Una de las monjas presionó algo debajo del gran pez de madera junto al altar; un espectáculo sorprendente hizo que Zhao Bingyu y los otros tres, escondidos en el techo, se quedaran atónitos. Pero Wan Qingdai no se volvió; pensó que las guardianas habían venido a decirle que apagara la lámpara y se fuera a dormir, ya lo habían hecho antes.

Cuando se escuchó un leve sonido mecánico, el Bodhisattva Puxian, que estaba sentado en un pedestal muy alto, comenzó a retroceder poco a poco; luego apareció una entrada. “Qingdai…”, llamó Huo Ningyu con preocupación.

Wan Qingdai escuchó esa voz familiar y lentamente se volvió; vio a su amiga Huo Ningyu de pie en la puerta.
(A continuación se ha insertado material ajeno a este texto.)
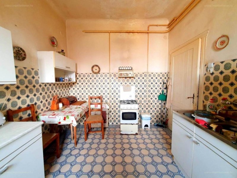 A lakás egy 1 emeleti napfényes ingatlan, mely kialakítását tekintve 4 szobából, hallból, beépített veradából, erkélybõl, konyhából, 2 kamrából, kádas fürdõszobából és egy külön illemhelyiségbõl áll. Az ingatlan teljeskörû felújítást igényel, viszont elképesztõ lehetõségek rejlenek benne: akár több szoba kialakítása, két lakássá alakítása is megoldható. Közös költsége: 28 600 Ft hó mely tartalmazza a vízfogyasztást. Fûtését konvektorok biztosítják, 2 villanyóra és 2 gázóra van így ezek a költségek egyedi mérõ alapján fizetendõ. Az ingatlan Per- és Tehermentes és maximum 3 hónapon belül birtokba vehetõ. Közlekedése kiváló, közelben Villányi út, Függetlenségi park: 17,41,61 villamosok, 53,150,154 buszok. [...]”

Las dos monjas llevaron a Huo Ningyu hacia el túnel. Huo Ningyu puso una mano sobre sus labios para que no hiciera ruido.

Unas cuantas guardianas también entraron detrás de ellas.

Se acercaron rápidamente a Wan Qingdai.

No es de extrañar que después de buscar durante tanto tiempo no hayan encontrado nada.

“Ningyu, ¿por qué has venido en este momento?”, preguntó Wan Qingdai, sorprendida, pero bajó la voz.

Resulta que todo estaba sucediendo bajo tierra.

Justo cuando terminó de decirlo, apareció un hombre con una máscara detrás de Huo Ningyu.